FWIW, it might make sense to try a lighter serialization in ffs_ep0_open() -
taking it there is due to the following scenario (assuming 6.18 or earlier):
ffs->state is FFS_DEACTIVATED.  ffs->opened is 0.  Two threads attempt to
open ep0.  Here's what happens prior to these patches:

static int ffs_ep0_open(struct inode *inode, struct file *file)
{
        struct ffs_data *ffs = inode->i_private;
 
        if (ffs->state == FFS_CLOSING)
                return -EBUSY;
 
        file->private_data = ffs;
        ffs_data_opened(ffs);

with
static void ffs_data_opened(struct ffs_data *ffs)
{
        refcount_inc(&ffs->ref);
        if (atomic_add_return(1, &ffs->opened) == 1 &&
                        ffs->state == FFS_DEACTIVATED) {
                ffs->state = FFS_CLOSING;
                ffs_data_reset(ffs);
        }
}

IOW, the sequence is
	if (state == FFS_CLOSING)
		return -EBUSY;
	n = atomic_add_return(1, &opened);
	if (n == 1 && state == FFS_DEACTIVATED) {
		state = FFS_CLOSING;
		ffs_data_reset();

See the race there?  If the second open() comes between the
increment of ffs->opened and setting the state to FFS_CLOSING,
it will *not* fail with EBUSY - it will proceed to return to
userland, while the first sucker is crawling through the work
in ffs_data_reset()/ffs_data_clear()/ffs_epfiles_destroy().
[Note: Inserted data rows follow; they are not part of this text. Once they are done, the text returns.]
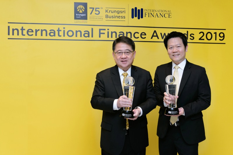 นายพรสนอง ตู้จินดา (ซ้าย) ประธานกลุ่มธุรกิจลูกค้าธุรกิจ และ นายสยาม ประสิทธิศิริกุล (ขวา) ประธานคณะเจ้าหน้าที่ด้านลูกค้าธุรกิจ SME ธนาคารกรุงศรีอยุธยา จำกัด (มหาชน) รับรางวัล Best Corporate Bank – Thailand 2019 และ Best SME Bank – Thailand 2019 จากงาน International Finance Awards 2019
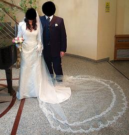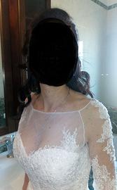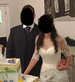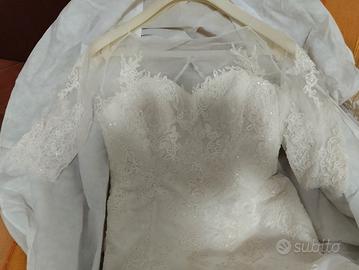 AFFITTO abito da sposa meraviglioso in perfette condizioni della Pronovias Barcelona acquistato al Centro Pompilio. Abito conservato scrupolosamente nella sacca originaria per conservare i tessuti e la lunghezza. Colore bianco perlato con ricamo velato sul petto e sulle maniche a tre quarti. Velo lunghissimo e chiusura nel dietro con tanti bottoncini perlati. Taglia 42.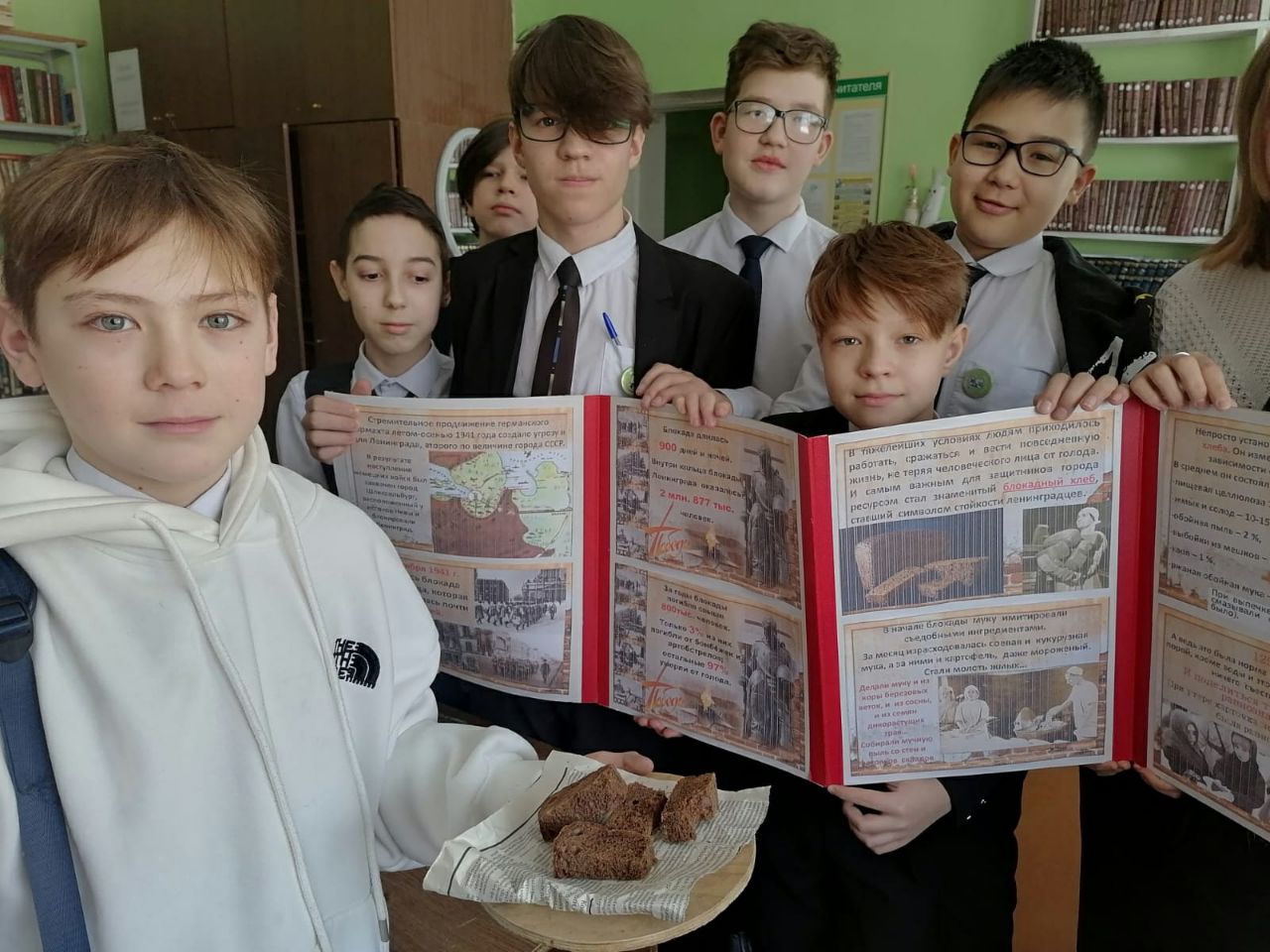 Ребята узнали, как выстоял блокадный город, что пришлось пережить мужественным ленинградцам. Особенным чувствами ребята прониклись к судьбе маленькой девочки Тани Савичевой. Её дневник стал одним из символов Великой Отечественной войны. Также ребята поучаствовали в акции "Блокадный хлеб", прослушали рассказ Галины Соколовой "Маленький кусочек хлеба" в исполнении Мурата Кусаинова.

What's more, there's nothing to stop that second opener from
calling write() on the descriptor it got.  No exclusion there -
        ffs->state = FFS_READ_DESCRIPTORS;
        ffs->setup_state = FFS_NO_SETUP;
        ffs->flags = 0;
in ffs_data_reset() is *not* serialized against ffs_ep0_write().
Get preempted right after setting ->state and that write()
will go just fine, only to be surprised when the first thread
regains CPU and continues modifying the contents of *ffs
under whatever the second thread is doing.

That code obviously relies upon that kind of shit being prevented
by that -EBUSY logics in ep0 open() and that logics is obviously
racy as it is.  Note that other callers of ffs_data_reset() have
similar problem: ffs_func_set_alt(), for example has
        if (ffs->state == FFS_DEACTIVATED) {
                ffs->state = FFS_CLOSING;
                INIT_WORK(&ffs->reset_work, ffs_reset_work);
                schedule_work(&ffs->reset_work);
                return -ENODEV;
        }
again, with no exclusion.  Lose CPU just after seeing FFS_DEACTIVATED,
then have another thread open() the sucker and start going through
ffs_data_reset(), only to have us regain CPU and schedule this for
execution:
static void ffs_reset_work(struct work_struct *work)
{
        struct ffs_data *ffs = container_of(work,
                struct ffs_data, reset_work);
        ffs_data_reset(ffs);
}
IOW, stray ffs_data_reset() coming to surprise the opener who'd
just finished ffs_data_reset() during open(2) and proceeded to
write to the damn thing, etc.

That's obviously on the "how do we fix the preexisting bugs" side
of things, though - regression needs to be dealt with ASAP anyway.